A clearly trochaic rhythm can be seen here due to the dominant trochaic feet of words . On the other hand, it is the tension between the word boundary and the verse boundary that defines the iambus in German. The meaningfulness of the concept formation is therefore repeatedly called into question from a linguistic point of view.

A free prelude is the lack of a time-metrical connection of the prelude, that is, whether a verse begins with or without a prelude is not determined by the meter. Free prelude is characteristic of the old German alliance and rhyming poetry as well as the Knittelvers .

In addition to the measure-metric definition given above, there is also a foot-metric definition, according to which a prelude is formed by the unstressed syllables before the first verse foot. Examples are difficult to construct. If the first foot of the verse begins to lift, there is no difference to the definition of the meter. If an iambic verse is preceded by an unstressed syllable, there is a very strong tendency to accentuate it, and an anapaestic verse with an unstressed syllable would result in a sequence of three unstressed syllables, which is not feasible.

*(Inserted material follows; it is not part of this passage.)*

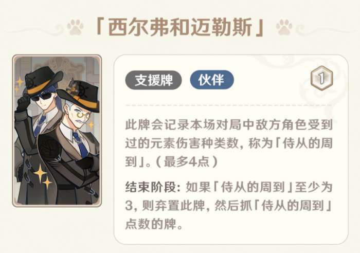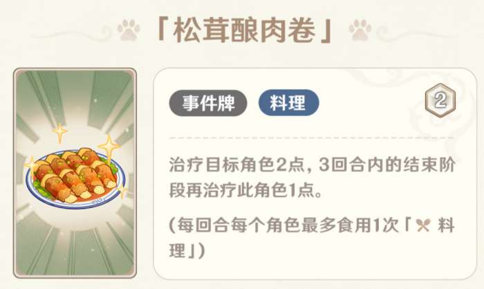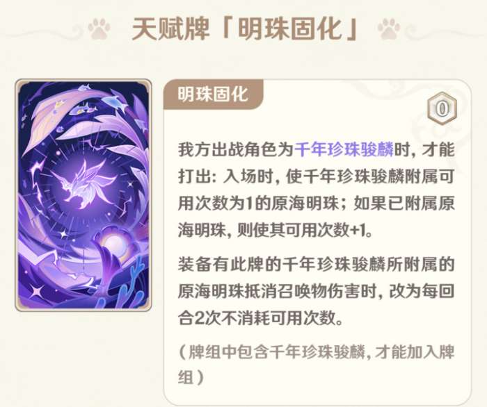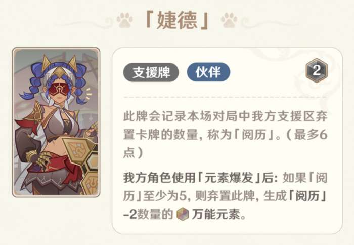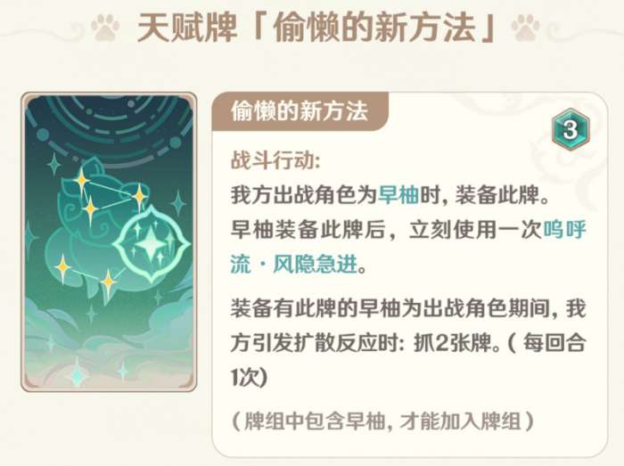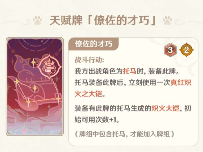 天赋牌每回合一次免费抓2牌,还是非常优质的过牌手段,但是考虑到配合班尼特会污染天赋池子,因此在其它队伍或许会是一个不错的过牌手段

Alternative names in addition to the actual musical term Auftakt are:

  • Pre-sinking (Schlawe),
  • Lowering of the entrance ( Sievers ),
  • Suggestion (Hoffmann),
  • Suggested syllable (Brockhaus 1824) and
  • Surcharge ( Sulzer ).

An ancient name for the short syllables at the beginning of iambic and Anapaestic verses in ancient metrics is anacrusis ( Greek  ἀνάκρουσις " row back", "withdraw").

literature

Individual evidence

  1. Christoph Küper: Language and Meter . Tübingen 1988, p. 249.
  2. ^ Fritz Schlawe: New German Metrics . Metzler, Stuttgart 1972.
  3. ^ Eduard Sievers: Old Germanic metrics. Hall 1893.
  4. Karl Johann Hoffmann: The science of metrics. Leipzig 1835.
  5. ^ Johann Georg Sulzer: General theory of the fine arts. 2nd edition Leipzig 1792ff.